Wait, wait. You can’t go on your own. Wait. Look, here’s Dudi’s room. He never sleeps in his own bed until the morning. He gets up every night, and walks into the new apartment to sleep in his brothers’ room. Look, here it is. However big the house is, they sleep like sardines. Etti’s grown up already. Look at her, there in the other bed. And Dudi’s in the bed next to hers, see? And here are the new children. I’m picking up the blanket so you can see them, the two of them. Chaim and Oshri. Your twins. You left them inside me when you went. I named both of them after you. What should I say now? Congratulations? Should I congratulate you, Mr Dadon, on the twins you had five and a half years ago? I’m playing the part of the nurse who comes out to tell you the good news.
No, you can’t pick them up. No, Mas’ud. I will not allow a dead hand upon them. The living and the dead don’t go together.
Now they’ve woken up. I’ll tell you why they’re saying ‘Grandpa’. It’s because that’s who they think you are. Don’t scare them, Mas’ud. Where are you going now? To our room?
That’s better. Rest. No, wait there. Don’t go by yourself.
Ay, why are you turning to leave? Look. That’s not a new man. Come back, look properly. It’s Kobi. Our Kobi. What’s the matter? Didn’t you recognise your eldest son? Kobi sleeps with me. I didn’t bring a new man into our home. It’s just your boy lying there. From the day the twins were born, he’s been with me every step of the way. Bless him. He wasn’t even fourteen and he stayed awake all night long, helping me with the little ones. Where would I be today without Kobi? Etti slept like a log. In the mornin
g she used to say, ‘Why didn’t you wake me so I could help?’ But Kobi was there every night: giving bottles, changing nappies, bathing them, never leaving me alone for a minute. Look at him now: he’s nineteen, working, bringing home a salary. He’s a good boy.
Why does he sleep with me? It’s because Oshri and Chaim think he’s their papa. So that they have a papa and a mama like all the other children, a papa and mama who share a bedroom.
It’s not the end of the world. Not really.
Look, Mas’ud, the world didn’t stop turning. That’s the way it is. When something new happened, you’d stand there, your two strong legs apart, and your face white. You’d say, ‘That’s it, Simona, you’ve gone too far.

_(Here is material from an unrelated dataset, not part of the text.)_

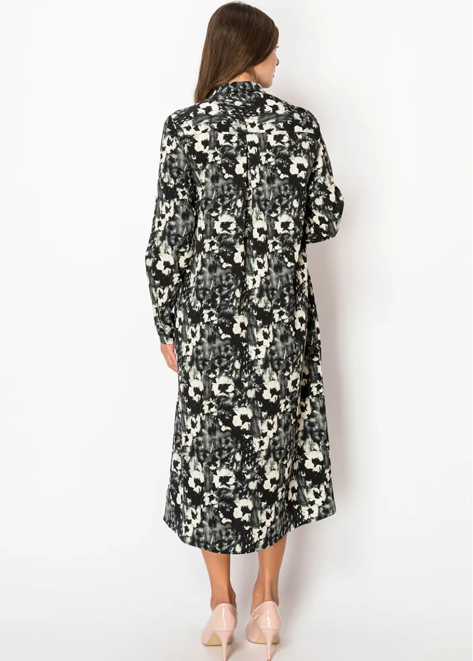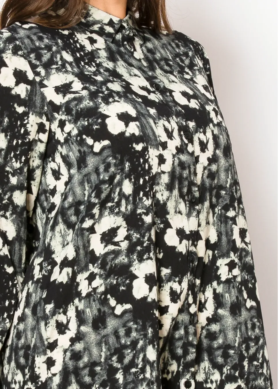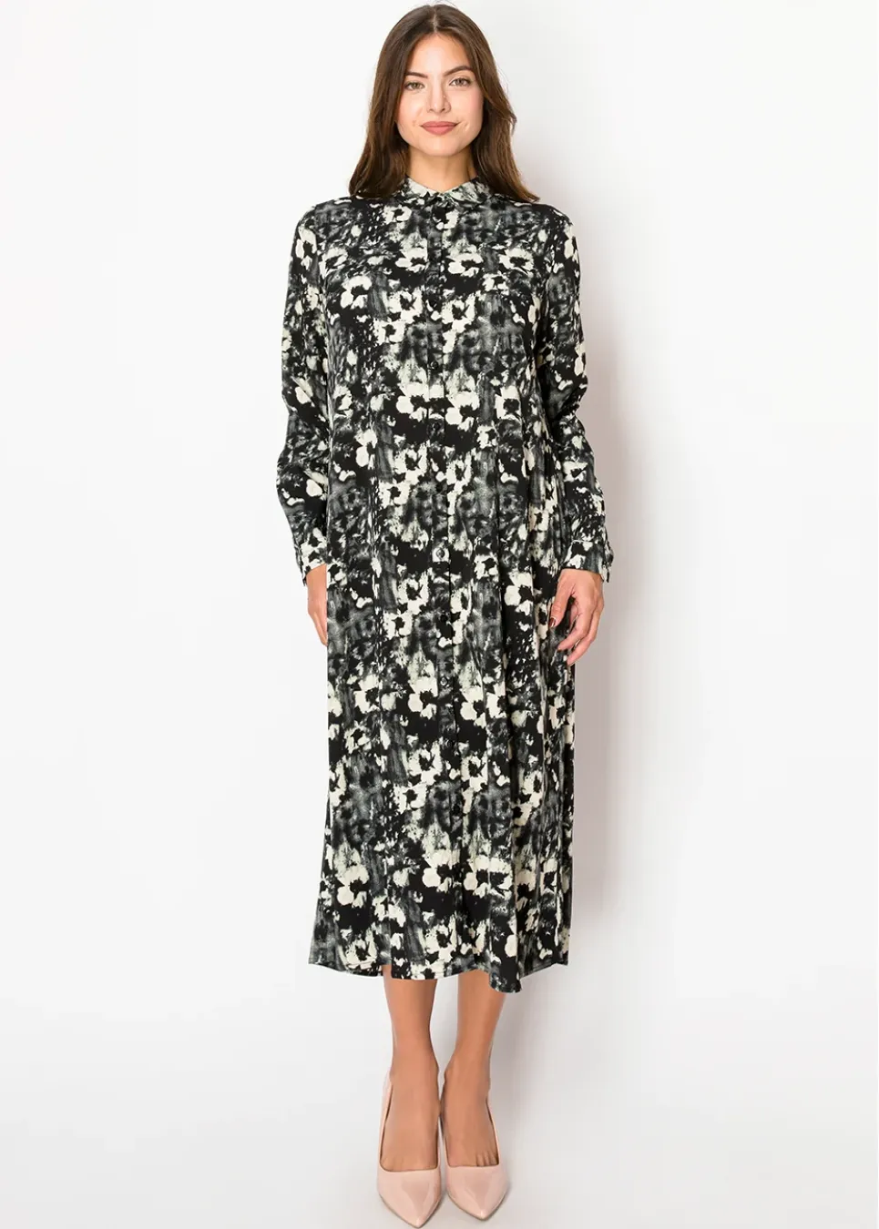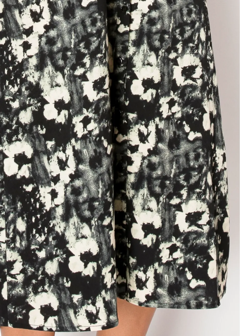 Delicate florals meet bold black tones in this effortlessly chic dress. The abstract print adds a touch of drama, while the flowy fit and collared neckline make it a piece you’ll keep reaching for.

It’s the end of the world.’ But life went on. While you were lying in your grave, you had two more children. What other proof do you need? Look at me. It’s night-time and I’m lying outside waiting for the Katyushas, but it’s OK. The world won’t stop turning because of Simona. It just won’t.
Look at Kobi, and see what a fine man you made. He’s changed a lot since his bar mitzvah. Ask yourself why I would need a new man when I’ve got Kobi at home? Why would Chaim and Oshri need a new papa? Look at his nose, his delicate, little girl’s nose. Like you, his strength begins just beneath it, on that little hill between his nose and his mouth. And his mouth is like yours, too, as it was when I saw you for the first time on the ship. A plump red mouth, which makes him look as though he’s wearing lipstick, and a little laugh upon it, as if the mouth is laughing by itself. He’s a good boy. Even when his heart is heavy, you’d never know it. His chin is strong, and his ears are as little and pretty as a girl’s. When you glance over his face, looking from one detail to another, it’s as if he’s a mix of man and woman. You start to feel confused. But when you look at the whole thing, it all makes sense.